尿中のシリカ濃度をモリブデン青比色法で簡易測定したところ、測定前、測定中の飲食物の影響が大きかった。それらの影響を少なくするために測定に際してできるだけ同じ飲食物を摂るようにした。ただし、モリブデン青比色法はリン酸イオンなどにより正の誤差を生じるため、シリカサプリメントなどの摂取により尿中シリカが増えるか否かの確認程度となる。
摂取する量は、当該発明によるものではシリカ含有量が約50mgとし、各サプリメントは記載された1日摂取量とした。摂取したシリカはおおむね2時間後をピークに5時間程度で排出されるといわれていることから、5時間を目安に排出されたシリカの量を尿中シリカ濃度から測定・算出した。結果を表3に示す。
Figure 0007378121000003
表3に示す結果より、本発明の製造方法で得られたシリカ含有物は、他のサプリメントと同等またはそれ以上に体内に吸収されることが確認できた。

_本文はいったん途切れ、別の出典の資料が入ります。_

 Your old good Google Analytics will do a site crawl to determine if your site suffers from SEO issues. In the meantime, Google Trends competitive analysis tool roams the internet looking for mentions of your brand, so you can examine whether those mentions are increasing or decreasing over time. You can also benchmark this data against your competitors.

本発明のシリカ含有物の製造方法は、取り扱いが容易で人体への吸収性もよいシリカ含有物を容易に製造できるので、ケイ素の摂取を目的とするサプリメントなどの製造に好適に利用できる。

Claims (6)

  1. 非晶質シリカを含むシリカ含有物の製造方法であって、
    クエン酸、リンゴ酸、乳酸、およびアスコルビン酸から選ばれる少なくとも1種の有機酸と、ケイ酸塩とを、反応温度において、前記有機酸と前記ケイ酸塩のそれぞれが溶解するのに必要な水の量の和以下の水の存在下で中和反応させ、非晶質シリカを含むシリカ含有物を生成させることを特徴とするシリカ含有物の製造方法。

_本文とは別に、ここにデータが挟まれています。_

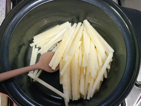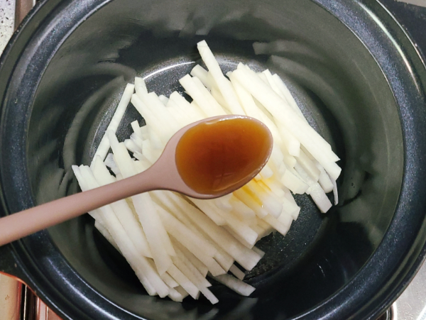 고기를 넣지 않고 무를 달달 볶아 끓여주는

  2. 前記中和反応は、前記ケイ酸塩と前記有機酸のいずれか一方が溶解するのに必要な水の量以下の水の存在下で行われることを特徴とする請求項1記載のシリカ含有物の製造方法。
  3. 前記有機酸の量は、前記ケイ酸塩を中和するのに要する量よりも多い量であることを特徴とする請求項1または請求項2記載のシリカ含有物の製造方法。
  4. 前記水には、反応前の前記ケイ酸塩または前記有機酸が水和物の場合に、その水和水が含まれることを特徴とする請求項1から請求項3までのいずれか1項記載のシリカ含有物の製造方法。
  5. 前記水は、反応前の前記ケイ酸塩または前記有機酸に含まれる水和水のみからなることを特徴とする請求項4記載のシリカ含有物の製造方法。
  6. 前記中和反応後の生成物を、錠剤、カプセル剤、ソフトカプセル剤、粉末状、または顆粒状に加工する工程を有することを特徴とする請求項1から請求項までのいずれか1項記載のシリカ含有物の製造方法。